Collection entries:
- - -

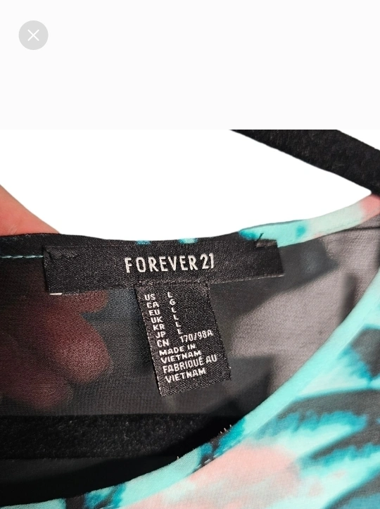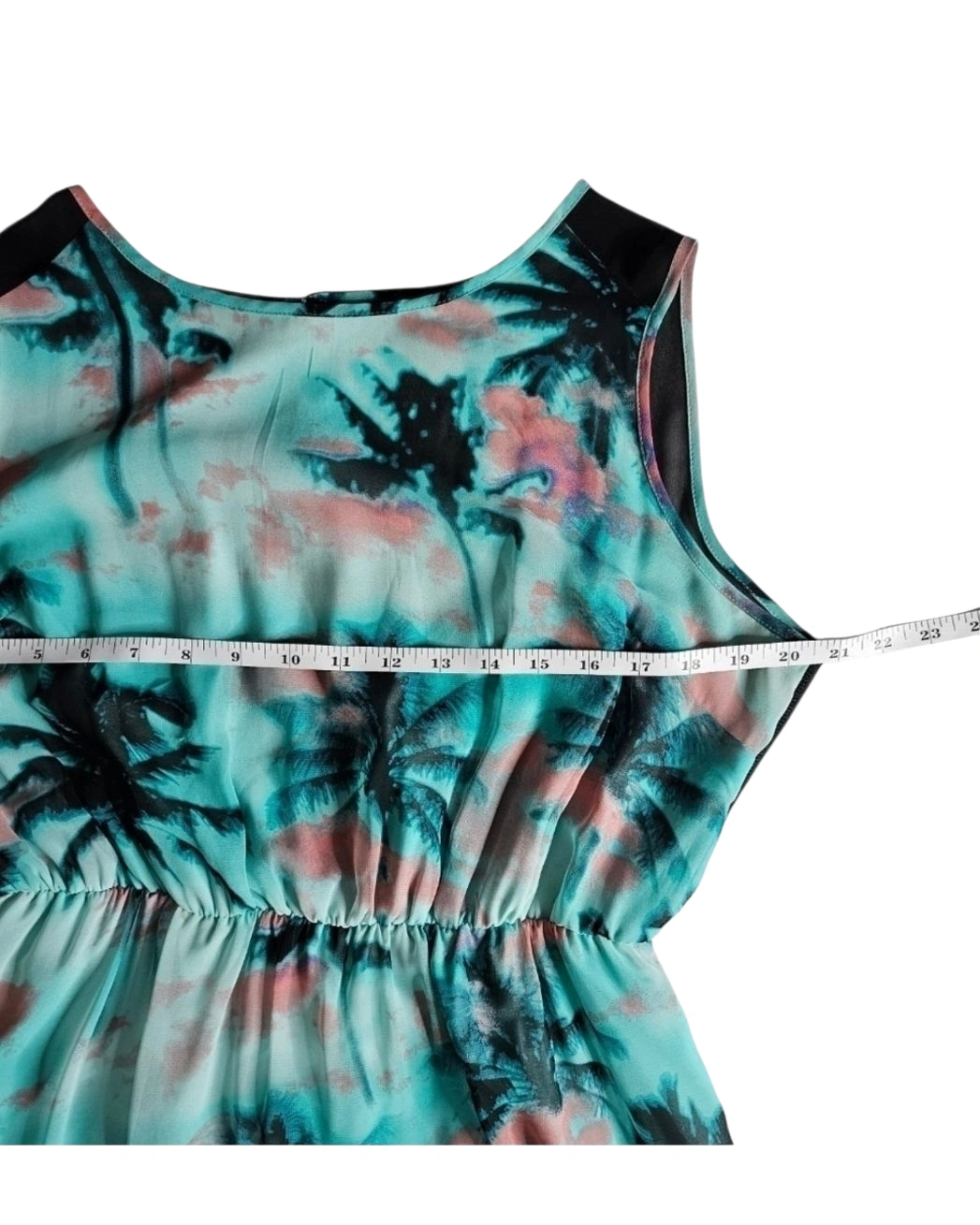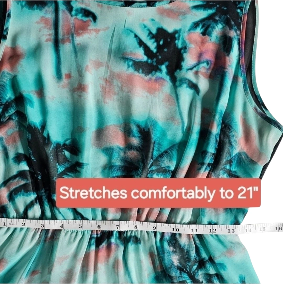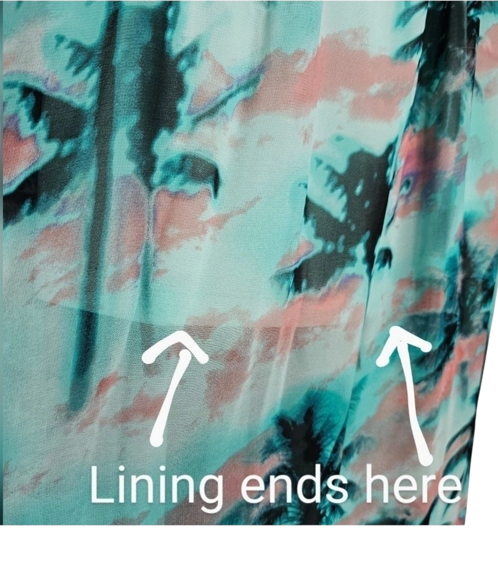 This maxi dress features a beautiful palm print design. It has a sheer black top in the back and a flowing skirt with a lining that ends partway down.
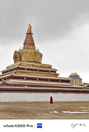 阴郁的天空下,一位僧人在佛塔边前行,庄严而肃穆
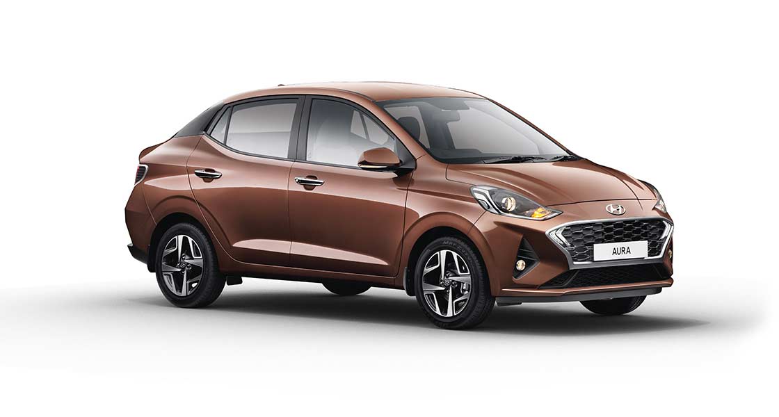 Safety features include dual front airbags, ABS with EBD, driver & passenger seat belt pretensioners & load limiters, rear camera, and front projector fog lamps. Download the Aura brochure here.
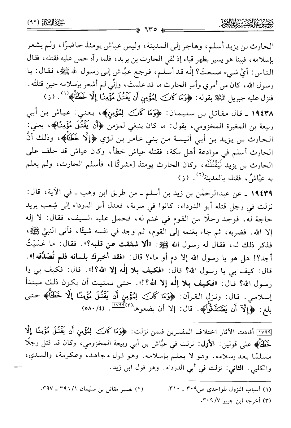 [١٧٩٩] أفادت الآثار اختلاف المفسرين فيمن نزلت: {وما كانَ لِمُؤْمِنٍ أنْ يَقْتُلَ مُؤْمِنًا إلا خَطَأً} على قولين: الأول: نزلت في عيّاش بن أبي ربيعة المخزومي، وكان قد قتل رجلًا مسلمًا بعد إسلامه، وهو لا يعلم بإسلامه. وهو قول مجاهد، وعكرمة، والسدي، والكلبي. الثاني: نزلت في أبي الدرداء. وهو قول ابن زيد.
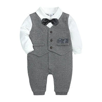 Costume formel pour nouveau-né garçon, barboteuse à manches longues, combinaison avec nœud papillon, tenue de smoking, vêtements pour bébés de 0 à 24 mois, cadeau
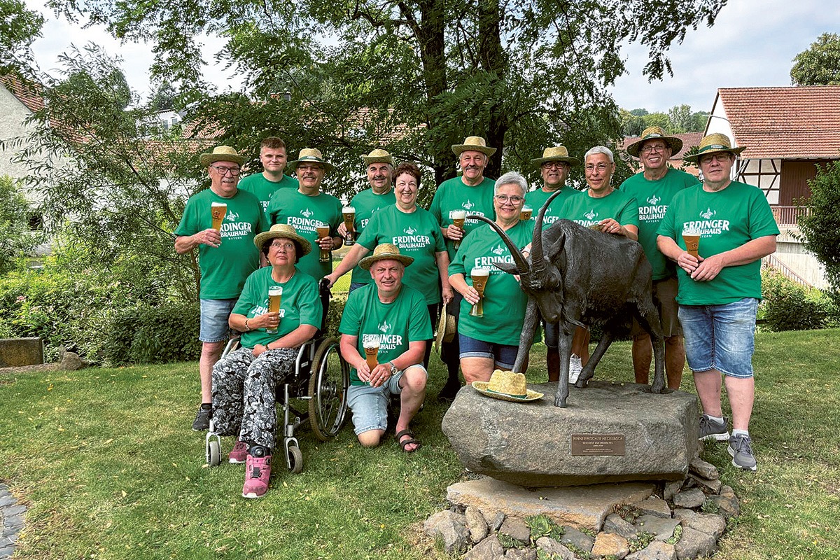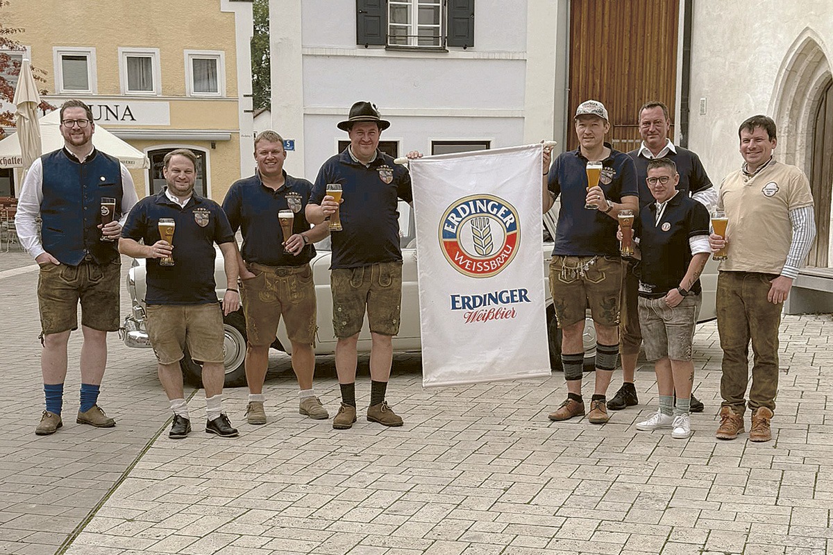 Bereits zum zweiten Mal haben die ERDINGER Weißbierfreunde Rinderbügen ein Dorfplatzfest ausgerichtet. Beim Gruppenfoto durfte das Ortsmaskottchen nicht fehlen.
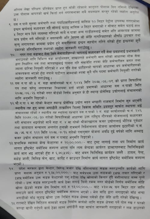 स्थानीय सरकार सञ्चालन ऐन र अन्य प्रचलित ऐन नियमभन्दा बाहिर काम गर्न नहुनेमा सचेत रहेको भन्दै नेकपा नगरले पालिकामाथि लगाएको आरोप जस्तो अनियमितता र अपारदर्शी नरहेको बताउनुभयो ।
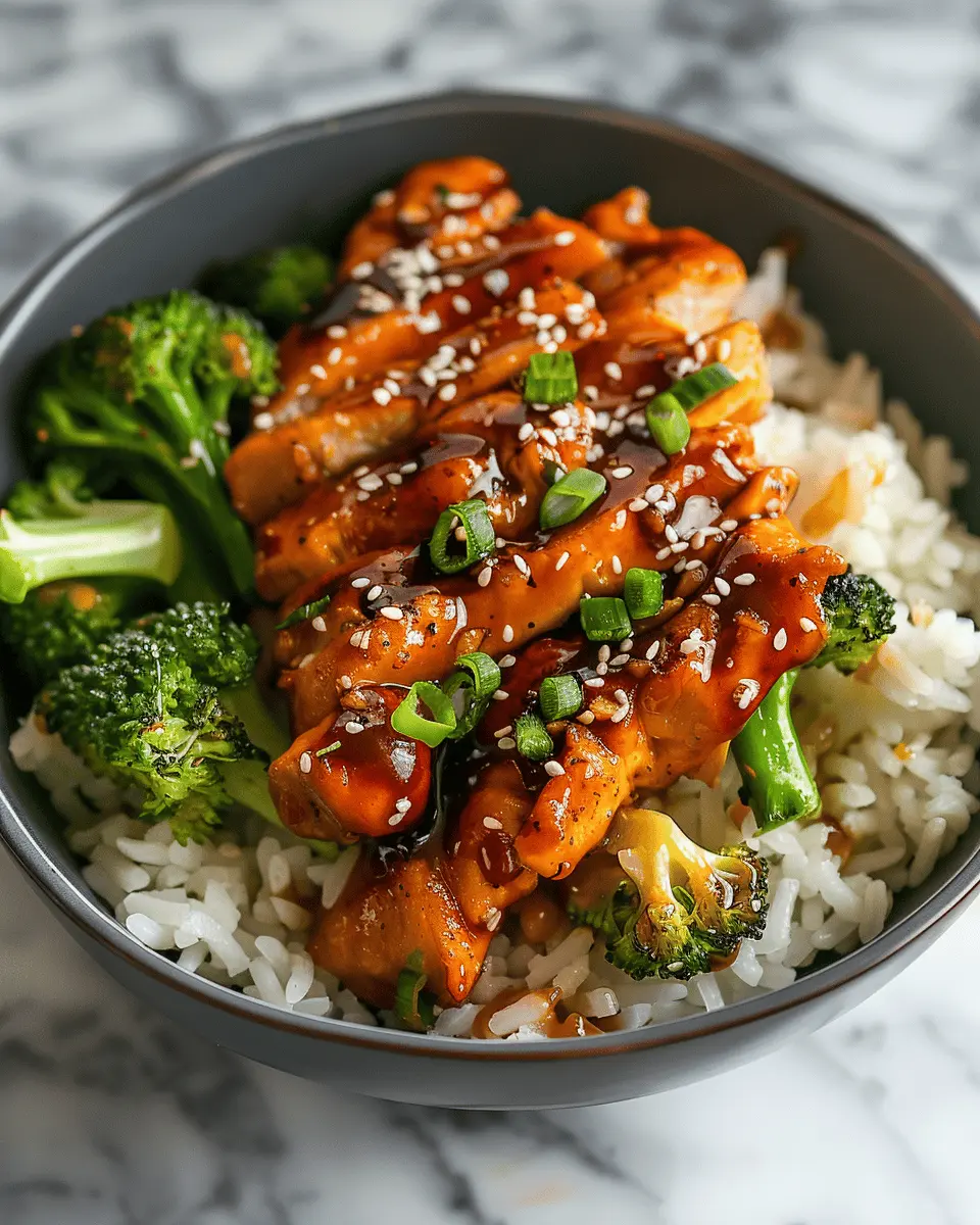 Now comes the fun part—assembling your meal! In a bowl, start with a scoop of that fluffy brown rice, followed by a generous portion of the sticky chicken and a scoop of steamy broccoli. Sprinkle sesame seeds or chopped green onions on top for a nice finishing touch.
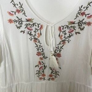 TORRID WHITE FLORAL EMBROIDERED CREPE BLOUSE

- - -

# REQUIREMENT:
Give an exact copy of the data, and omit any pictures it holds.

# EXERCISE OUTPUT:
 This maxi dress features a beautiful palm print design. It has a sheer black top in the back and a flowing skirt with a lining that ends partway down.
 阴郁的天空下,一位僧人在佛塔边前行,庄严而肃穆
 Safety features include dual front airbags, ABS with EBD, driver & passenger seat belt pretensioners & load limiters, rear camera, and front projector fog lamps. Download the Aura brochure here.
 [١٧٩٩] أفادت الآثار اختلاف المفسرين فيمن نزلت: {وما كانَ لِمُؤْمِنٍ أنْ يَقْتُلَ مُؤْمِنًا إلا خَطَأً} على قولين: الأول: نزلت في عيّاش بن أبي ربيعة المخزومي، وكان قد قتل رجلًا مسلمًا بعد إسلامه، وهو لا يعلم بإسلامه. وهو قول مجاهد، وعكرمة، والسدي، والكلبي. الثاني: نزلت في أبي الدرداء. وهو قول ابن زيد.
 Costume formel pour nouveau-né garçon, barboteuse à manches longues, combinaison avec nœud papillon, tenue de smoking, vêtements pour bébés de 0 à 24 mois, cadeau
 Bereits zum zweiten Mal haben die ERDINGER Weißbierfreunde Rinderbügen ein Dorfplatzfest ausgerichtet. Beim Gruppenfoto durfte das Ortsmaskottchen nicht fehlen.
 स्थानीय सरकार सञ्चालन ऐन र अन्य प्रचलित ऐन नियमभन्दा बाहिर काम गर्न नहुनेमा सचेत रहेको भन्दै नेकपा नगरले पालिकामाथि लगाएको आरोप जस्तो अनियमितता र अपारदर्शी नरहेको बताउनुभयो ।
 Now comes the fun part—assembling your meal! In a bowl, start with a scoop of that fluffy brown rice, followed by a generous portion of the sticky chicken and a scoop of steamy broccoli. Sprinkle sesame seeds or chopped green onions on top for a nice finishing touch.
 TORRID WHITE FLORAL EMBROIDERED CREPE BLOUSE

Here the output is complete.